One advantage of our study is the use of a comprehensive and unbiased approach to evaluate TF binding regions defined by ChIP-seq and ChIP-chip techniques, which allowed us to evaluate the regulatory elements on a genome-wide level. Regulation of gene expression is a complicated process and current knowledge in this area is very limited. The pilot study of the ENCODE project revealed that only about 25% of the regulatory elements are located near previously identified transcription starting sites (TSS). This suggests the ChIP-on-chip method is able to identify a large number of promoter regions and regulatory elements that were previously unknown and distant from the classical TSS (13). Although we did not observe any significant enrichment of risk SNP blocksin the ENCODE annotation sets, this might be due to tissue-specific patterns of TF and TF regulation. Currently, a variety of cell lines, mainly Hela and GM06990 have been used for the identification of regulatory elements in the ENCODE project. The LNCaP cell line is currently proposed for study by ENCODE consortium in Tier 3 (http://genome.ucsc.edu/ENCODE/cellTypes.html). Prostate cancer tissue-specific TF binding may provide valuable information for evaluating the molecular mechanisms of risk SNPs on PCa risk.

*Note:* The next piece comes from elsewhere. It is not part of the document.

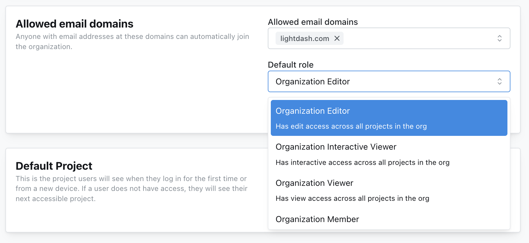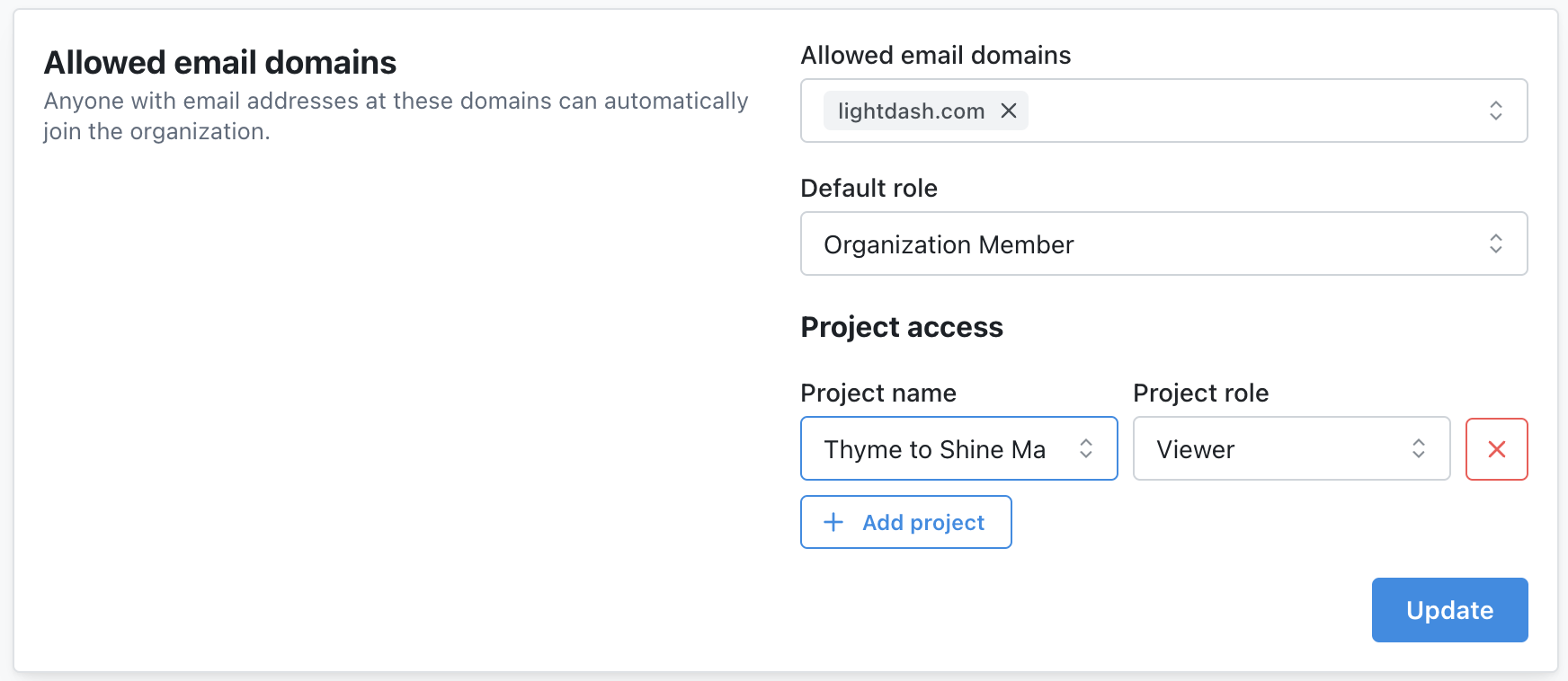 In the Allowed email domains panel, enter the email domain(s) you want to be able to automatically join your organization (e.g. here, we’ve added lightdash.com). Generic email domains like gmail.com or hotmail.com are not accepted. You can then select the access that you want these users to have by default. The organization Admin can always update a user’s permissions after they’ve joined!
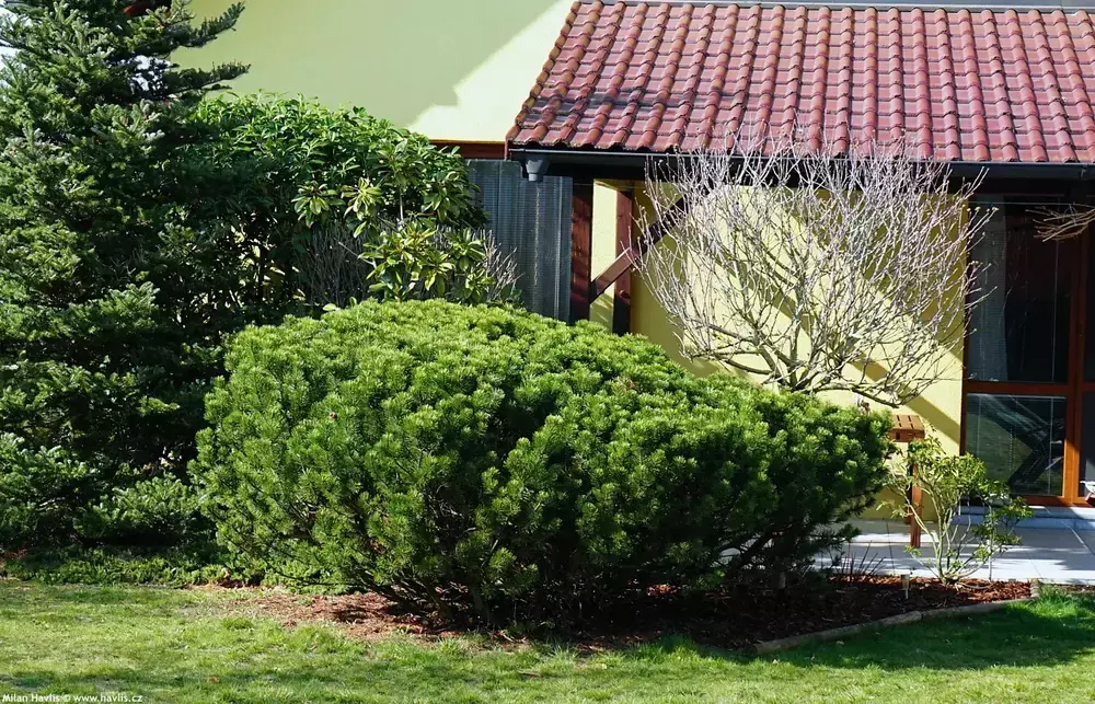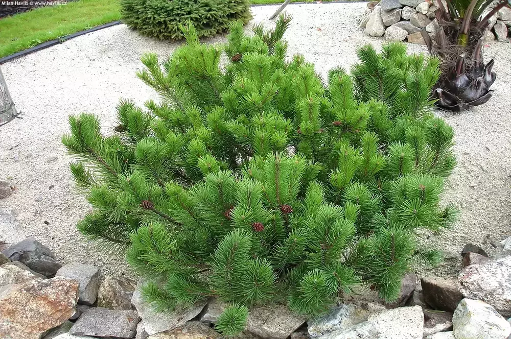Пагони: різної довжини, щільно розташовані, гілки спрямовані нагору. Хвоя різна за довжиною, але найчастіше коротка. Шишки: симетричні, майже сидячі, яйцеподібні до округлих, при дозріванні темно-коричневі, верхня частина апофізу опукла, наріст у середині стислий. Широко поширена як садова культура – Зимостійка.

The fact that no risk SNP blocks are located in regions that code proteins may be due to two reasons. First, we only evaluated SNPs that are characterized by the Hapmap project, in which unknown SNPs that are located in protein coding regions are not evaluated. Secondly, the current resources that are commonly used for gene annotation, RefSeq and ENSEMBLE, likely represents an incomplete catalogue of human genes. SNPs may be located within exons that are not yet identified. In fact, about 60% of GENCODE exons (GENCODE is a sub-project of ENCODE, which aimed to provide a reference annotation of all protein-coding genes within the pilot study of the ENCODE project) are not annotated in RefSeq and ENSEMBL (25). This fact indicates that a high number of alternative slice forms with unique exons exist across the genome (25). With the completion of ENCODE in the near future, a richer and more complete annotation of human genes should provide more insight.
We also did not observe significant enrichment of risk SNP blocks in the regulatory annotation sets defined by UCSC table browsers. However, the null results for these annotation sets need to be interpreted with caution. The majority of the regulatory elements annotation sets are defined by computational algorithms, rather than by biological experiments. In addition, the regulatory elements predicted in those annotation sets are not tissue specific.
In summary, our study is among the first to comprehensively evaluate the potential functional impact of risk loci identified for PCa through GWAS studies. The fact that about one third of 33 SNP blocks fall within AR binding regions, and that the risk SNPs were statistically enriched in AR regions, may suggest a potential molecular mechanism by which risk SNPs contribute to PCa initiation. These results also provide a guidance for future functional studies. In addition, the databases used for bioinformatics annotation could also be used to annotate and prioritize variants identified through GWAS and whole-genome sequencing.
Grants: National Cancer Institute (CA129684, CA140262, CA148463 to J.X.) and Department of Defense (W81XWH-09-1-0488 to J.S.)